Аманда втирала свежую порцию солнцезащитного крема в грудь, ощущая собственную плоть, вязкую и волокнистую под кожей. Это была какая-то импровизация. Кто-то выкрикнул сценарий из тени аудитории. Он не имел смысла, но ей велели играть, словно смысл был. Клэй уехал в город. А она вот чем занималась. Ей вспомнился фильм, в котором мужчина притворялся перед сыном, что жизнь под властью нацистов нормальна, даже красива. Кое-что из этого теперь, когда она подумала об этом, казалось пророческим. Можно до многого допритворяться.
Рут сказала детям, что в гараже есть надувные игрушки для бассейна. Они вернулись с маленькими сдувшимися пластмассовыми штуками в стиле Ольденбурга[25]. Арчи приложил небольшой ком к губам (он должен был выглядеть как надкусанный пончик с посыпкой), усилие выдоха обнажало филигрань его ребер.
Как же несправедливо, насколько Арчи был ловчее. Три года преимущества. Роуз не могла сделать ни единого выдоха в клапан своего матраса, который оказался обычным круглым плотом, но выглядел удобным. Это раздражало. Арчи был уже по большей части взрослым, а она застряла, оставаясь самой собой.
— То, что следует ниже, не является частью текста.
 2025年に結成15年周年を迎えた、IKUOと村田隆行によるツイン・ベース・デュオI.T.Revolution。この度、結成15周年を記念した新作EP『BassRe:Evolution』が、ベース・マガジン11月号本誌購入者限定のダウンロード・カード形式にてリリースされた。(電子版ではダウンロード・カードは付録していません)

– Я его надую, дорогая. – Аманда поместила сдувшийся матрас между ног и, присев на край деревянного шезлонга, придала ему форму.
– Мне больше нравится тот, который пончик. – Все шло не так, как хотелось Роуз, и она не могла удержаться и не отметить это.
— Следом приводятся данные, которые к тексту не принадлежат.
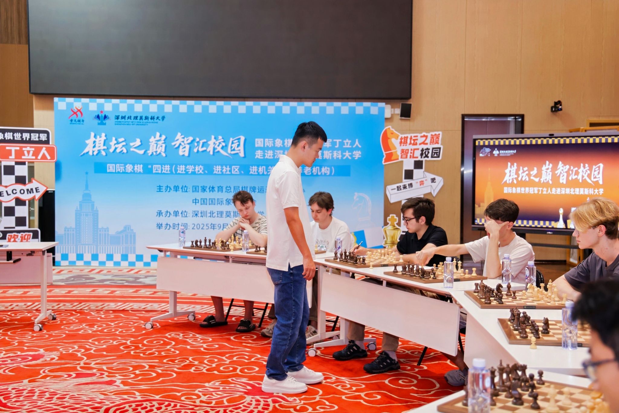9月29日,第十五届全运会国际象棋项目收官的第二天,中国首位国际象棋男子世界冠军丁立人来到深圳北理莫斯科大学,出席了以“棋坛之巅·智汇校园”为主题的活动。深圳体育群众促进中心国际象棋特聘专家教练员叶江川、刘适兰应邀参加活动,深圳北理莫斯科大学校长、党委副书记李和章,第一副校长谢尔盖·伊万琴科出席活动。这是由国家体育总局棋牌运动管理中心、中国国际象棋协会主办的国际象棋“四进(进学校、进社区、进机关、进养老机构)”的活动之一。

– Тормозишь, тупица. – Арчи бросил свой круг на поверхность бассейна. Оттолкнулся от трамплина и приземлился на пончик только половиной тела, словно так было задумано. Его не волновали протесты сестры, он давно научился игнорировать большинство вещей, которые она говорила.
– А тот, который плот, удобнее. – Роуз была из тех простых, пухлых девочек, которых Рут не могла не жалеть. Рут подумала, что Арчи так похож на любого из парней, что болтались по коридорам ее школы, убежденные в своем очаровании. Возможно, это в сыновьях взращивают матери. Она беспокоилась за своих внуков – у них было две матери, а значит, и опекать/допекать их будут вдвойне.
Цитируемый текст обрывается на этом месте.